NEUSPRECH & EINHEIT  / 30 JAHRE WIEDERVEREINIGUNG / Bemerkenswerte 19 Prozent der Ostdeutschen halten die Meinungsfreiheit in der Bundesrepublik für geringer als damals in der DDR.

Jeder zweite Ostdeutsche ist mit der gegenwärtigen Demokratie unzufrieden NEUE ZÜRCHER ZEITUNG  3. Okt 2020

Das ist passiert: Genau 30 Jahre nach der Wiedervereinigung scheinen einige Unterschiede zwischen Ost und West wie zementiert – nicht nur in wirtschaftlicher, sondern auch in weltanschaulicher Hinsicht.
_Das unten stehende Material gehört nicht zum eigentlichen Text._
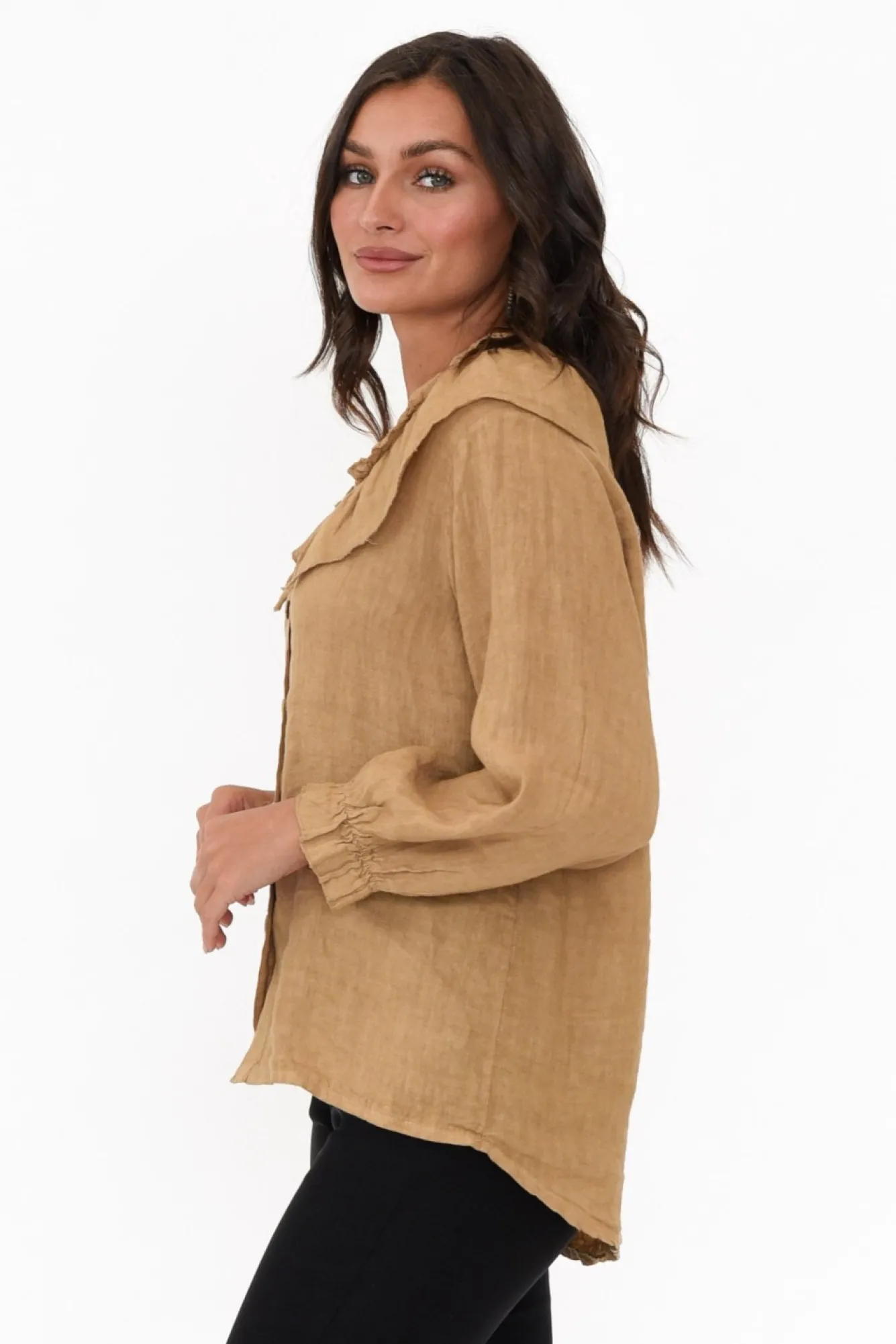 Fit: True To Size. Refer To Size & Fit Tab Below For Specific Size RecommendationNNfabric: 100% LinenNgorgeous Textured Italian Linen With A Lightweight And Soft FeelNfeminine Frills Along The V-Neckline And Elasticised CuffNNfull Length Sleeves Can Be Pushed Up To The Elbows Ngorgeous Pearled Buttons Nclassic Straight Silhouette Is Complemented By A Hi-Lo HemlineNNhemline Grazes The HipsNNNcare: Cool Gentle Machine Wash RecommendedNNcolour: Lovely Tan Shade

Das zeigt eine neue Umfrage, deren Ergebnisse zum heutigen Tag der Deutschen Einheit veröffentlicht wurden. Demnach sind «mit der Art und Weise, wie die Demokratie in Deutschland funktioniert», immerhin 68 Prozent der Westdeutschen zufrieden, aber nur 50 Prozent der Ostdeutschen. Die Ministerpräsidentin von Mecklenburg-Vorpommern, Manuela Schwesig (SPD), sagte dazu in einem Radiointerview: «Mir machen die Zahlen Sorgen.»

Darum ist es wichtig: Bemerkenswerte 19 Prozent der Ostdeutschen halten die Meinungsfreiheit in der Bundesrepublik für geringer als damals in der DDR. Wenn zwischen Zwickau und Rostock, zwischen Erfurt und Potsdam jeder fünfte Deutsche einer Meinungsfreiheit nachtrauert, die es faktisch nicht gab, verbindet sich die Verklärung des SED-Staates mit einer Fundamentalkritik am gegenwärtigen Deutschland.